» **WORK TASK**
Lines from the one with "Enter the Tapestry" up to and including the one with "자동 요약, 오답 분석, 예측" are to be copied exactly from the records below, without their pictures.

» **SOURCE INFORMATION**

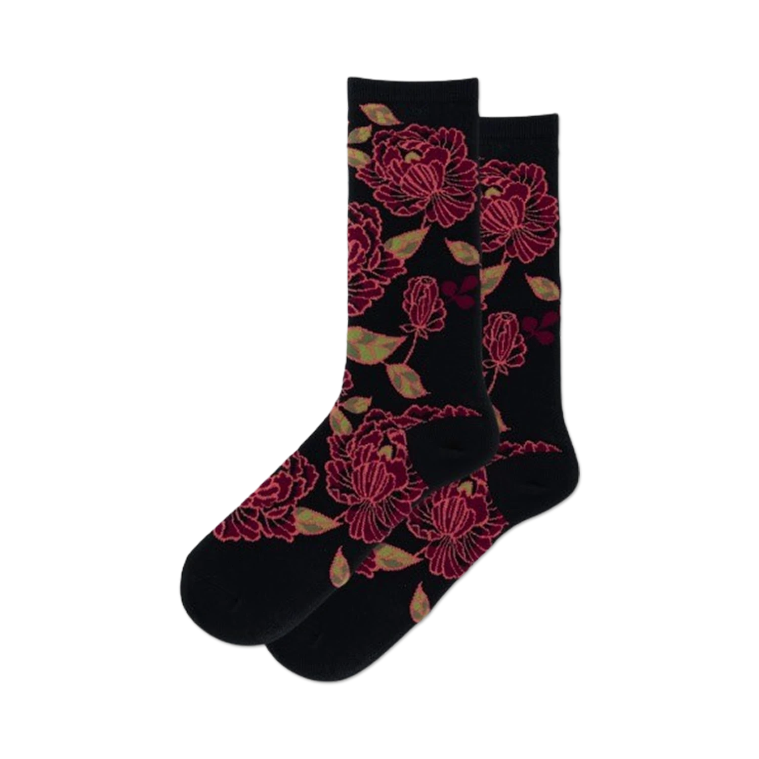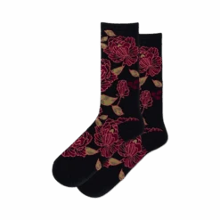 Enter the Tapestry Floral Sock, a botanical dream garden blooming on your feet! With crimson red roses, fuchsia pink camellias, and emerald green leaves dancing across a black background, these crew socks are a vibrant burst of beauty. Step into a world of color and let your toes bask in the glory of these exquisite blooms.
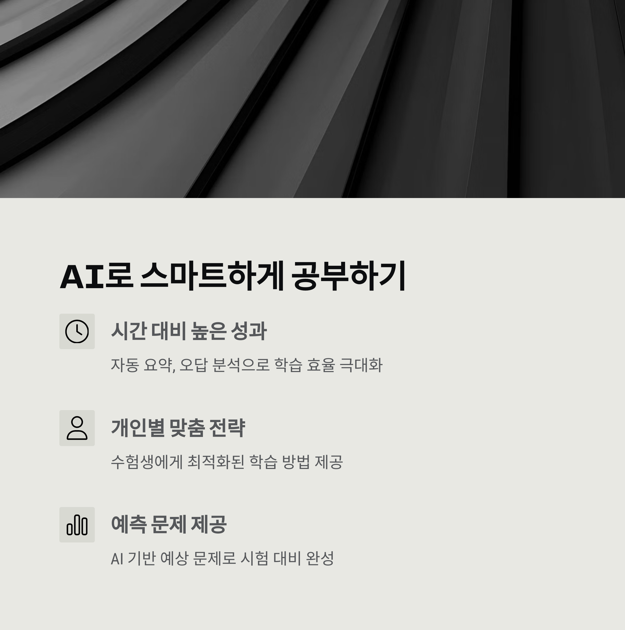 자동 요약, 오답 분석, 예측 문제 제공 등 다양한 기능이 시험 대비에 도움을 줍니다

* * *

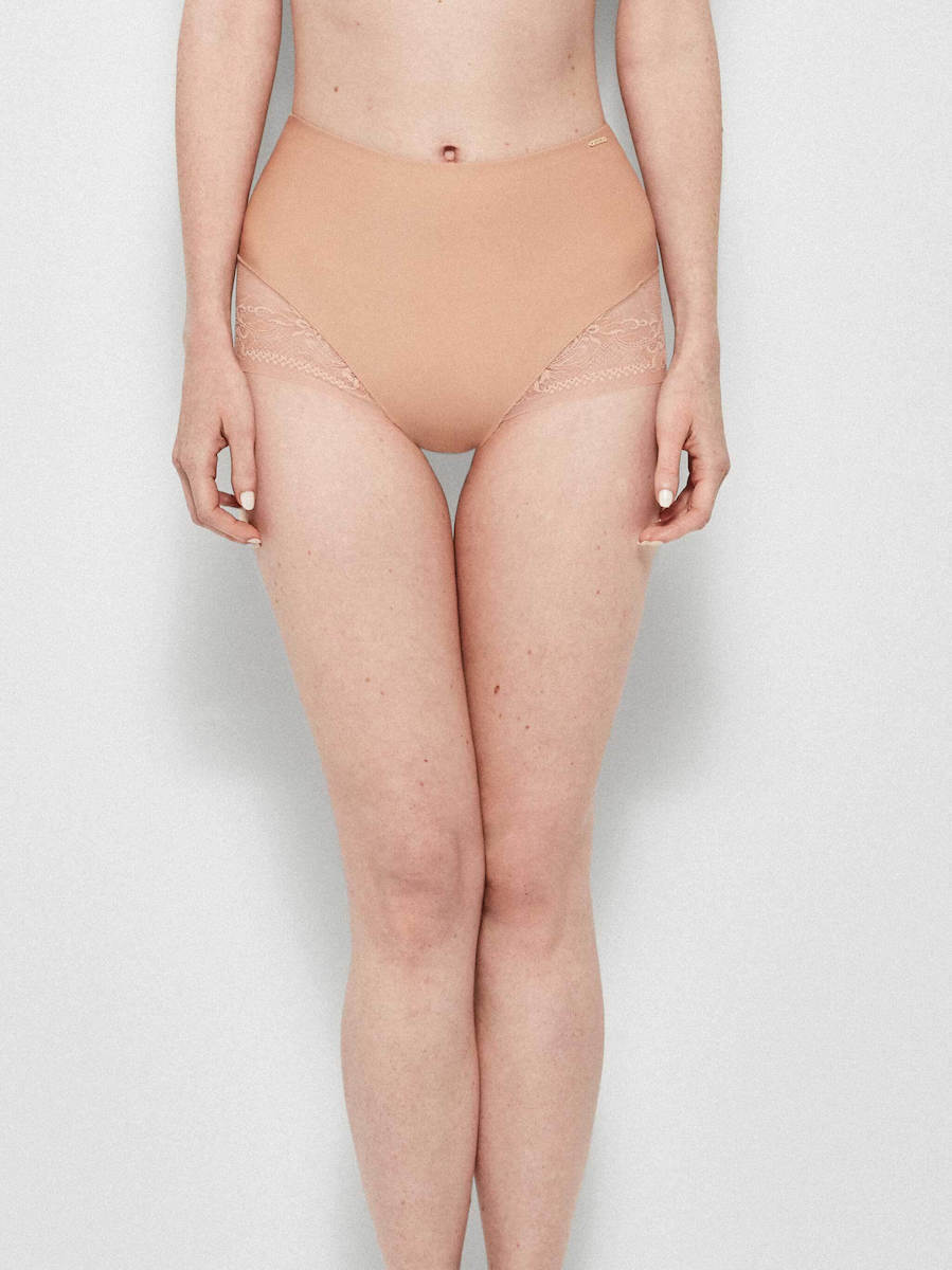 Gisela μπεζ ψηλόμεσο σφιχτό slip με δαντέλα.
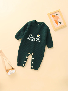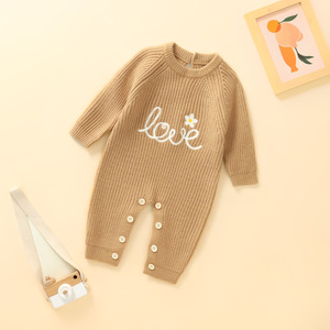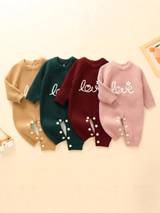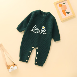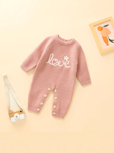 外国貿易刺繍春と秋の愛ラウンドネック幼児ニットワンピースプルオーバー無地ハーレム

--

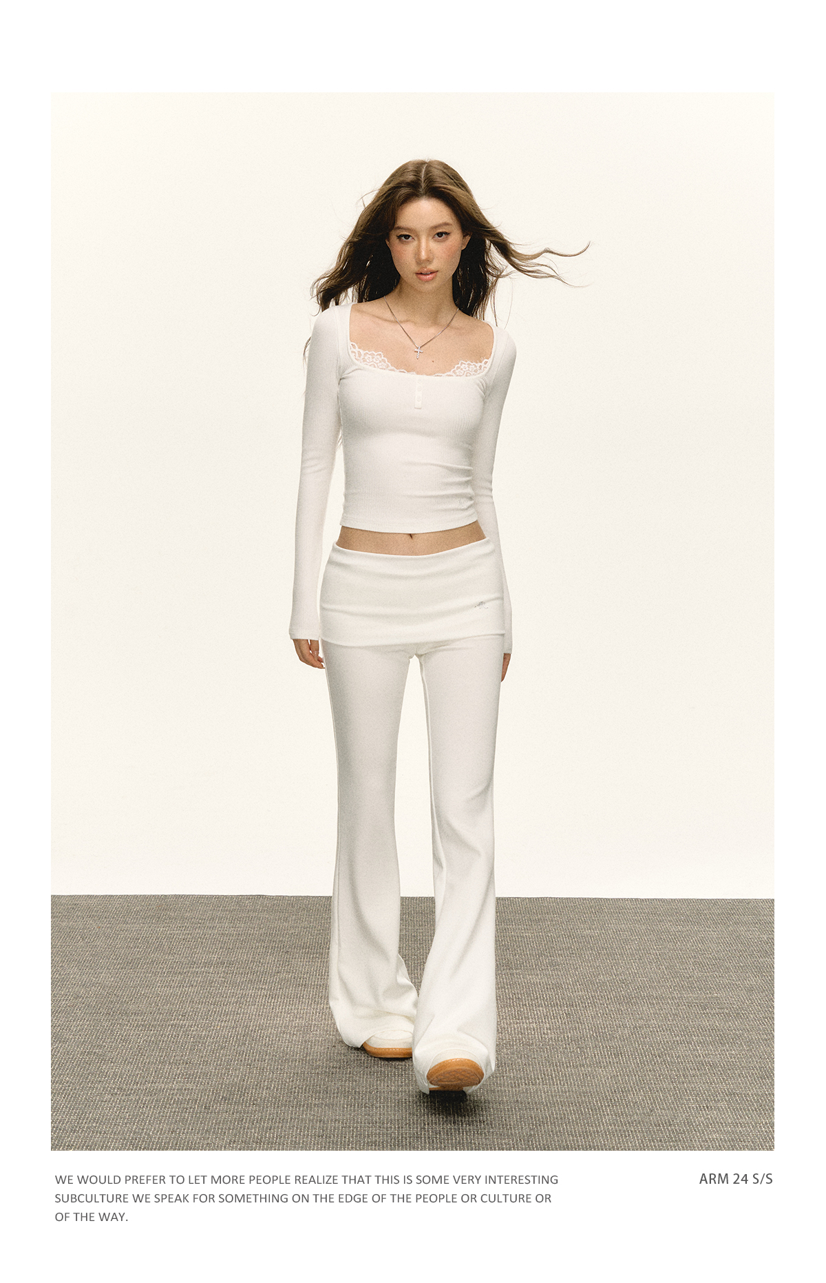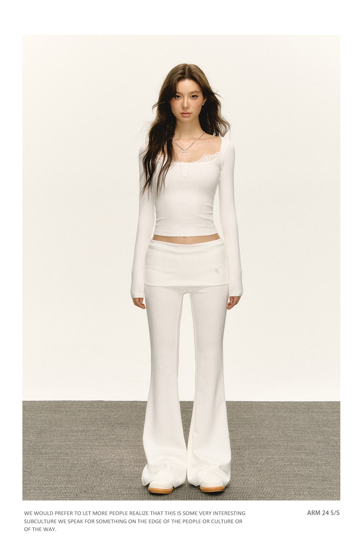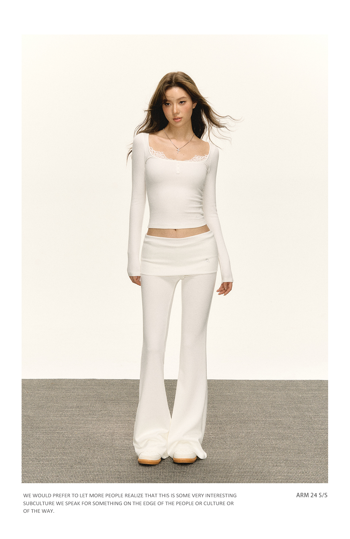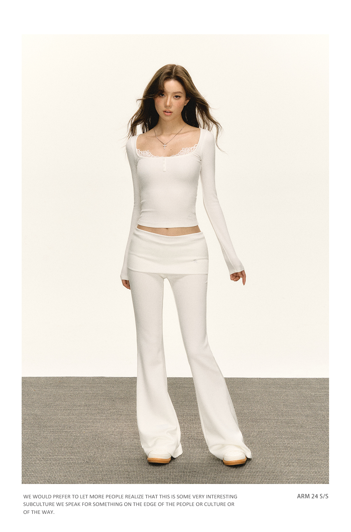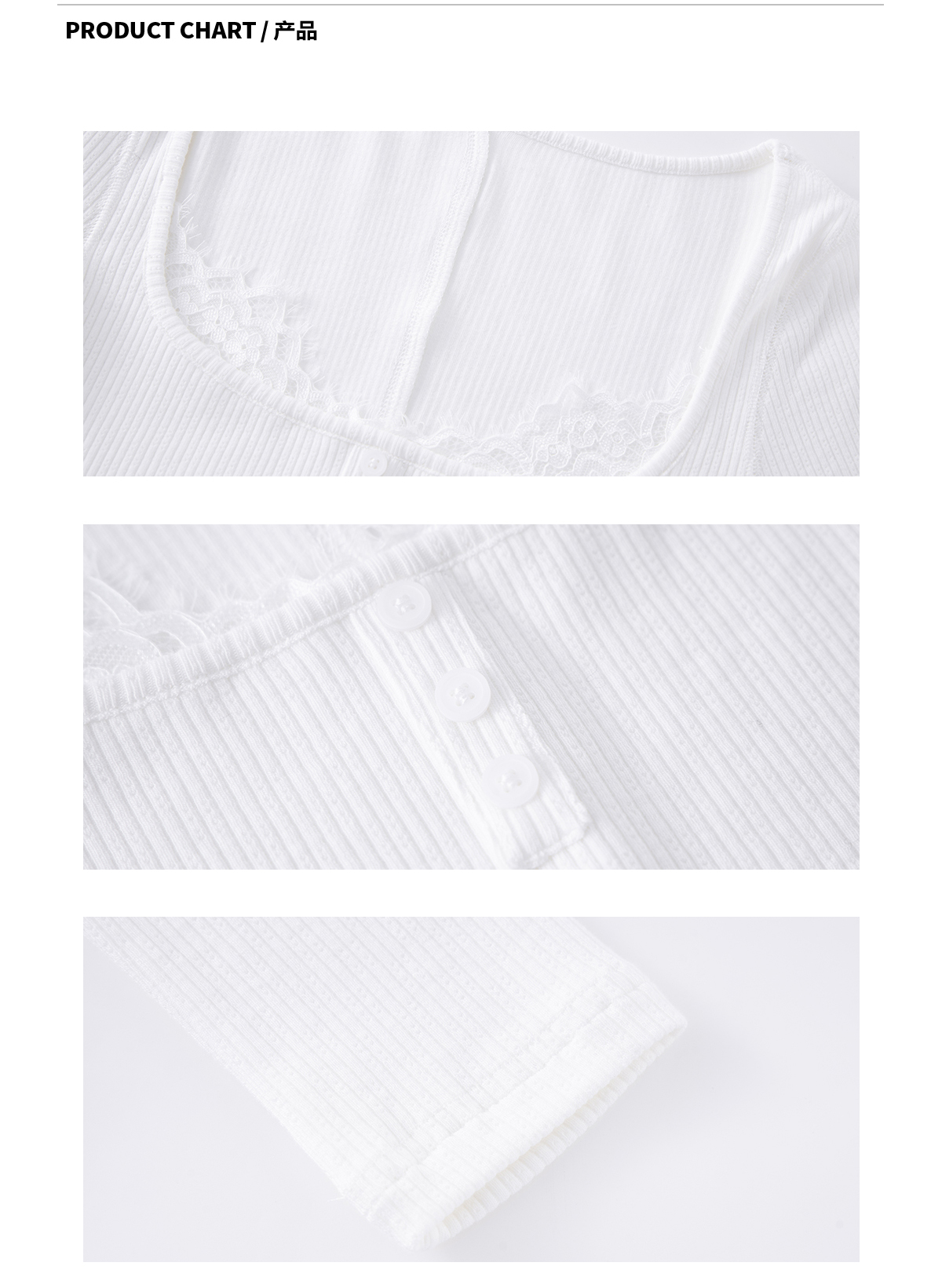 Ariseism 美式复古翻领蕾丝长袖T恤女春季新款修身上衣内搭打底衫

» **WORKED SOLUTION**
 Enter the Tapestry Floral Sock, a botanical dream garden blooming on your feet! With crimson red roses, fuchsia pink camellias, and emerald green leaves dancing across a black background, these crew socks are a vibrant burst of beauty. Step into a world of color and let your toes bask in the glory of these exquisite blooms.
 자동 요약, 오답 분석, 예측 문제 제공 등 다양한 기능이 시험 대비에 도움을 줍니다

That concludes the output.